Forty-three percent of Vermont’s carbon dioxide emissions come from transportation fuels burned by cars, trucks and motorcycles. So the activists have invented a 12-state agreement that will impose an annually escalating gasoline and on-road diesel fuel tax that every Vermont motorist, truck and bus owner will have to pay, but no legislator will ever have to vote for.
This is a reactionary liberalism dream: extract millions of dollars from people who can’t figure out why their motor fuel bills are steadily creeping up, and spread the revenues around to pay for “carbon reduction investments.”
The TCI was conceived by lawyers at the Georgetown University Law Center, mainly funded by the Rockefeller Brothers Fund. This is ironic because it was the grandfather of the five Rockefeller brothers, John D. Rockefeller, who made America’s greatest fortune by producing, refining and marketing fossil fuel.
The TCI is astoundingly — one might even say diabolically — complex. The details, not yet finalized, will emerge in a draft memorandum of understanding (MOU) scheduled to appear in December. After public input, the MOU will go to Gov. Phil Scott. His signature would put Vermont into the 12-state deal.
Then either the regulated terminals that supply motor fuel to 80 Vermont distributors, or the distributors themselves, will have to purchase “allowances,” the cost of which will be inconspicuously added into the price paid by consumers.

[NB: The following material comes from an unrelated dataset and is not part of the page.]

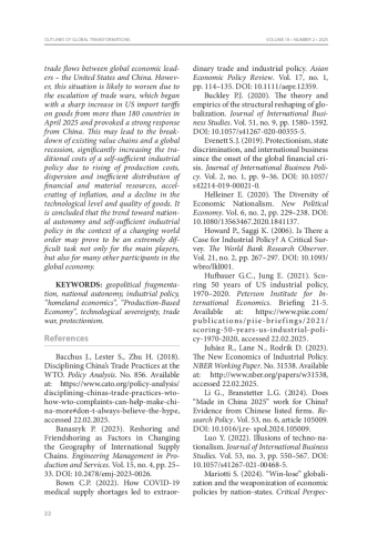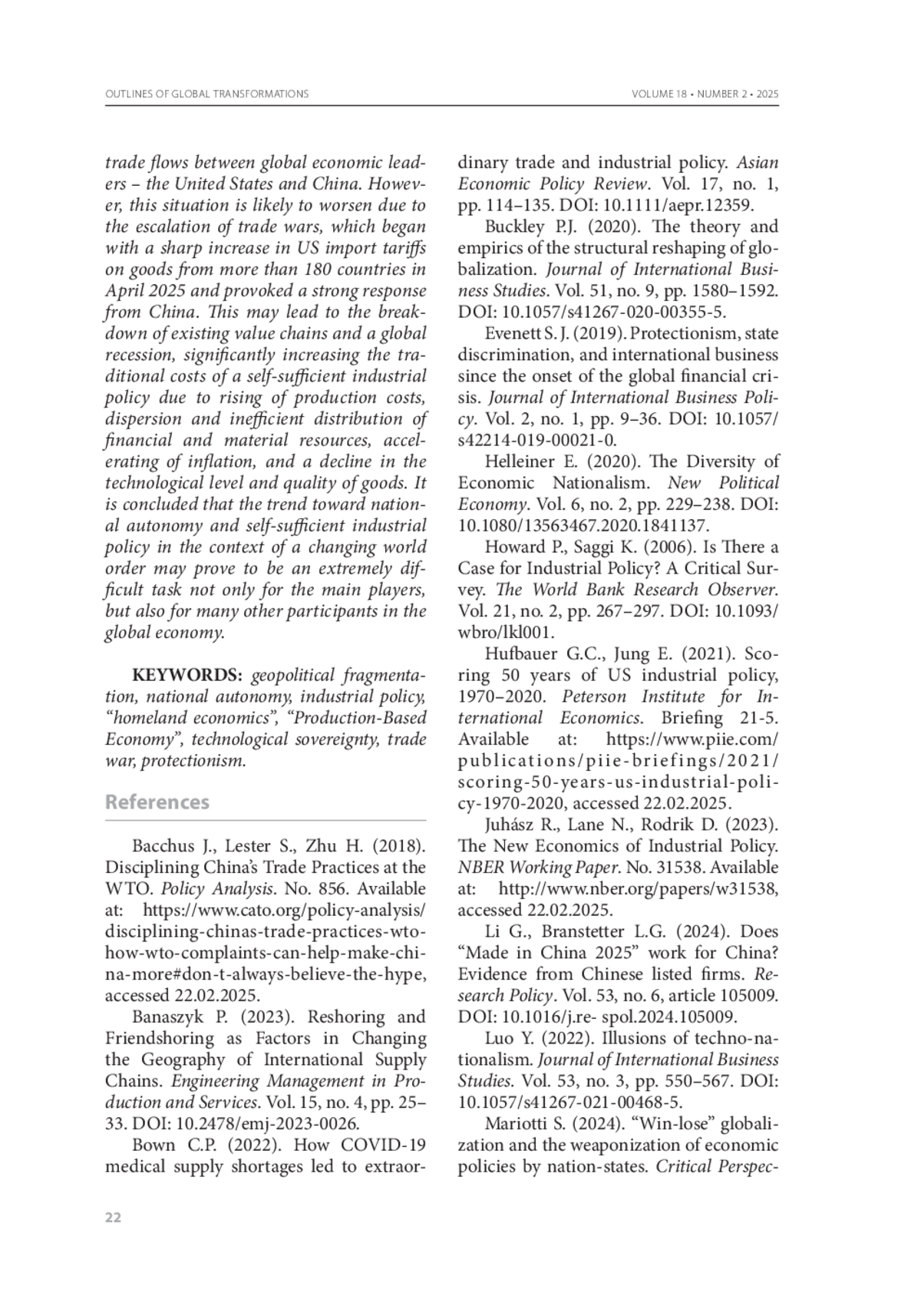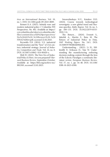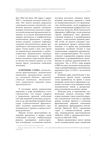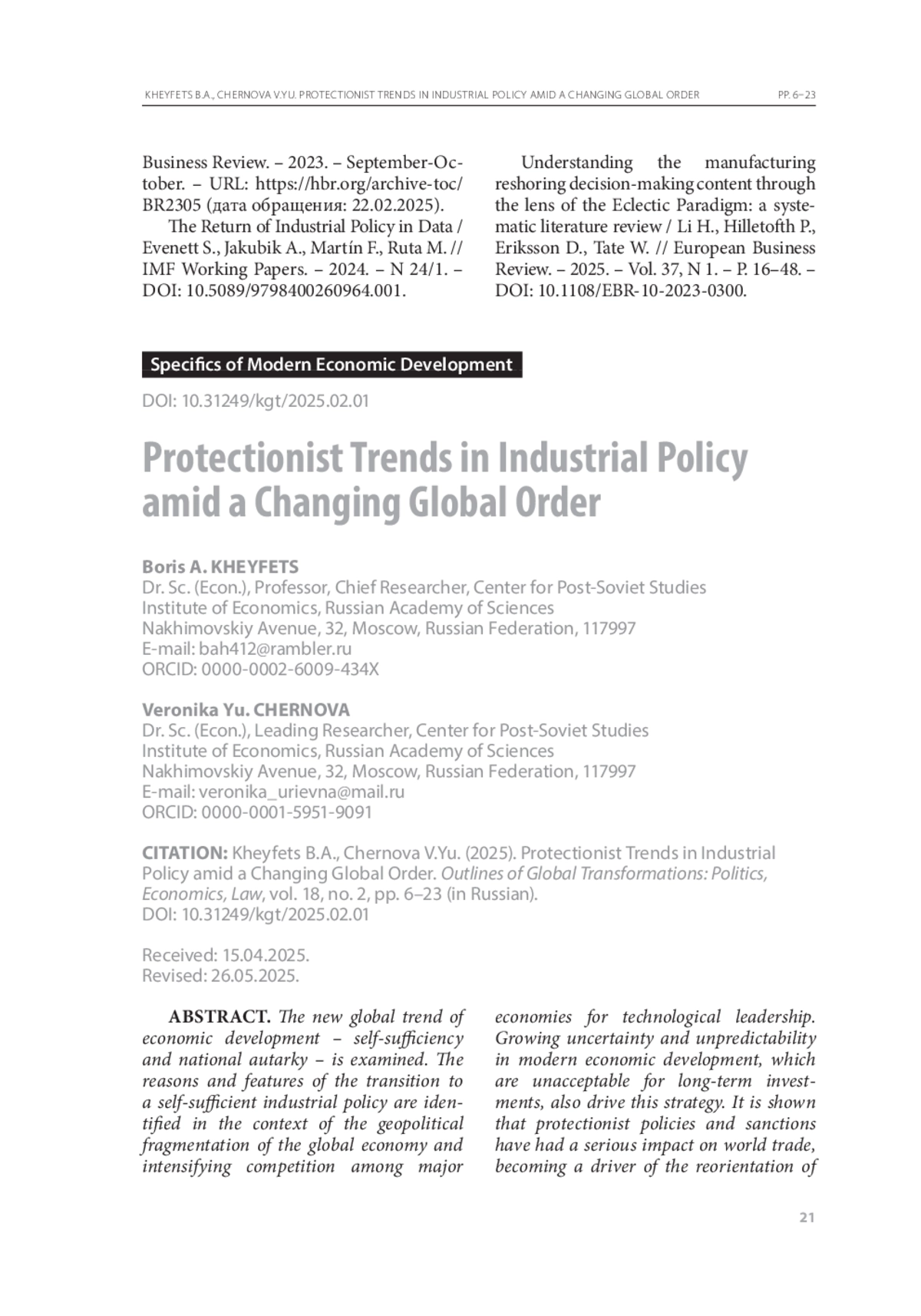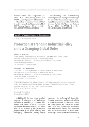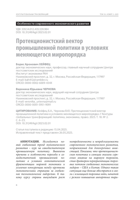 ХЕЙФЕЦ Б. А., ЧЕРНОВА В. Ю. ПРОТЕКЦИОНИСТСКИЙ ВЕКТОР ПРОМЫШЛЕННОЙ ПОЛИТИКИ В УСЛОВИЯХ МЕНЯЮЩЕГОСЯ МИРОПОРЯДКА // КОНТУРЫ ГЛОБАЛЬНЫХ ТРАНСФОРМАЦИЙ: ПОЛИТИКА, ЭКОНОМИКА, ПРАВО. 2025. ТОМ 18, №2

The TCI’s administrative body will decide how many allowances must be issued to sufficiently drive up the price of motor fuel, thus reducing the amount of motor fuel consumed, thus reducing to below an arbitrary TCI-set cap those awful carbon dioxide emissions that are driving the planet toward Al Gore’s heat death.
Did I mention that no legislator will ever vote on this stealth carbon tax? Gov. Phil Scott, alone, can plunge Vermont into this mega-scheme to sock Vermonters with a carbon tax that the TCI backers hope they’ll never figure out.
But Scott has repeatedly voiced his opposition to a carbon tax. What if he refuses to sign on to the MOU? Here’s another diabolical feature. If he doesn’t sign the MOU, Vermont motorists will still be forced to pay for the cost of the allowances hidden up the supply chain in Massachusetts and New York. But Vermont would not be eligible to receive its assigned share of the net revenues (after enormous enforcement and legal costs) from the TCI allowance sales.
Here’s the short takeaway. The TCI memorandum of understanding is designed to make Vermont consumers pay a steadily increasing carbon tax on their gasoline and diesel fuel. No legislator will ever vote on imposing this tax. It will just happen, courtesy of the Rockefeller Brothers Fund and the climate change warriors like VPIRG who extol its benefits. After 10 years of increasing motor fuel prices, the TCI will have produced no detectable effect whatever on climate change.
It will be a glorious triumph for reactionary liberalism. Just not for you.
John McClaughry is vice president of the Ethan Allen Institute.